心理療法はたくさんありますが,社会福祉士の国家試験で日本生まれの心理療法が出題されるのは,森田療法,内観療法,(臨床)動作療法です。
森田療法は,不安があってもそれを「あるがままに」受け入れるように支援するものです。
「臥褥期」
「軽作業期」
「作業期」
「社会復帰期」
という段階を踏むのが特徴です。
内観療法は,身近な人にしてもらったこと,迷惑をかけたことを年代順に振り返ります。
動作療法は,動作療法は,動作と心はつながっていると考えて,動作を通して心理に働きかけるものです。
それでは,今日の問題です。
第32回・問題-14 心理療法に関する次の記述のうち,最も適切なものを1つ選びなさい。

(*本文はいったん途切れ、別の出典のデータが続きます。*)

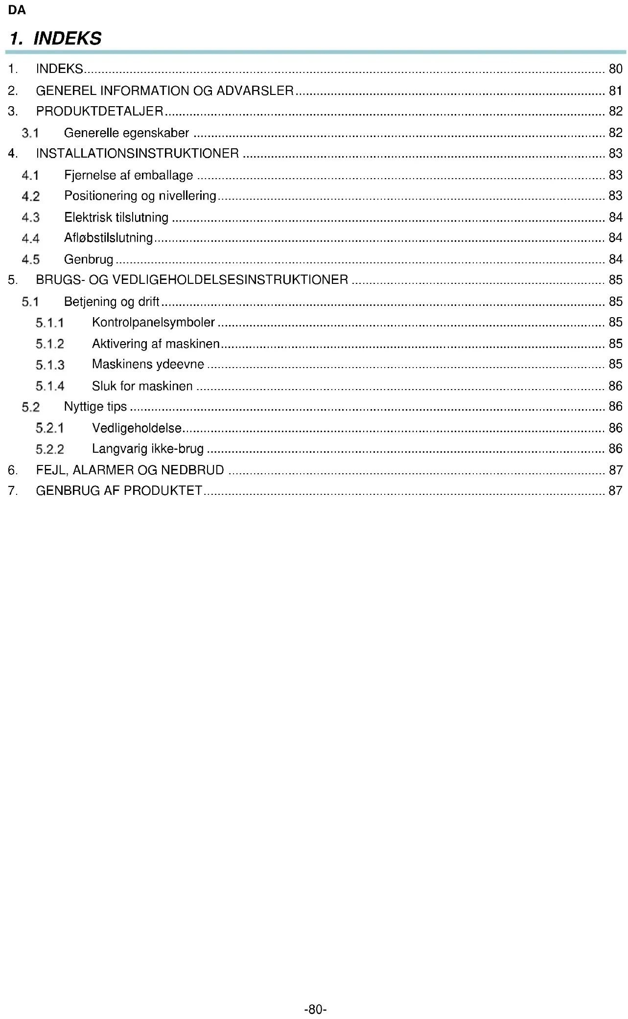 Denne manual er udarbejdet for at hjælpe dig med at forstå betjening, installation og vedligeholdelse af maskinen. Den indeholder alle de nødvendige informationer og advarsler for at sikre, at apparatet installeres og bruges korrekt, sammen med information om de egenskaber og muligheder, der tilbydes, så du kan få det fulde udbytte af din maskine.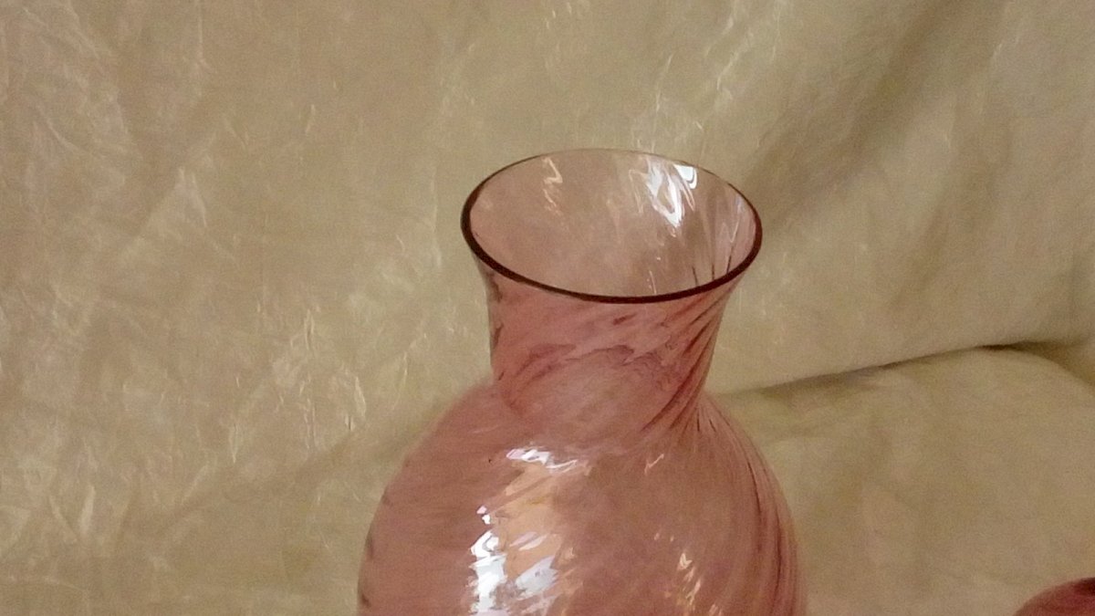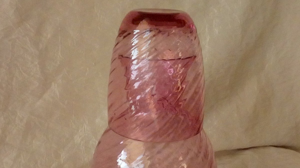 TRES BEAU ET ANCIEN SERVICE DE NUIT CARAFE GOBELET EN VERRE COULEUR ROSE AVEC DES REFLETS MAUVE HAUTEUR TOTALE 22 cm HAUTEUR DE LA CARAFE 18 cm LARGEUR 10 cm HAUTEUR DU GOBELET 9 cm DIAMETRE 7.50 cm EN BON ÉTAT

1 回想法は,高齢者の自動思考を修正することを目的としている。
2 応用行動分析は,個人の無意識に焦点を当てて介入を行っていく。
3 認知行動療法は,クライエントの人生を振り返ることでアイデンティティを再確認していく。
4 森田療法は,不安をあるがままに受け入れられるように支援していく。
5 ブリーフセラピーは,未来よりも過去に焦点を当てて介入を行っていく。
これは,すぐ答えがわかるでしょう。
正解は,選択肢4です。
4 森田療法は,不安をあるがままに受け入れられるように支援していく。
森田療法の神髄をそのまま出題してくれています。
しかし,国家試験では,そのやり方を出題されることがあるので,注意が必要です。
特に「臥褥期」は森田療法の重要ポイントです。
洗面・食事・排泄以外は,ずっと横になっているのが,臥褥期です。
それでは他の解説です。
1 回想法は,高齢者の自動思考を修正することを目的としている。
自動思考とは,何かの出来事に直面したとき,自分の意志と関係なく浮かんでくるものをいいます。
この自動思考を修正することを目的としているのは,認知行動療法です。
2 応用行動分析は,個人の無意識に焦点を当てて介入を行っていく。
応用行動分析は,環境が行動に影響を与えると考え,問題となる行動の前後を分析することで,行動を変化させるものです。
無意識に焦点を当てるのは,精神分析療法です。
3 認知行動療法は,クライエントの人生を振り返ることでアイデンティティを再確認していく。
認知行動療法は,学習理論を応用して認知や行動を変容させるものです。
パーソナリティの変容は目的としないので,アイデンティティを確認することはありません。
5 ブリーフセラピーは,未来よりも過去に焦点を当てて介入を行っていく。
ブリーフセラピーは,過去よりも未来に焦点を当てて介入します。
ブリーフセラピーも認知行動療法と同じように,パーソナリティの変容は目的としません。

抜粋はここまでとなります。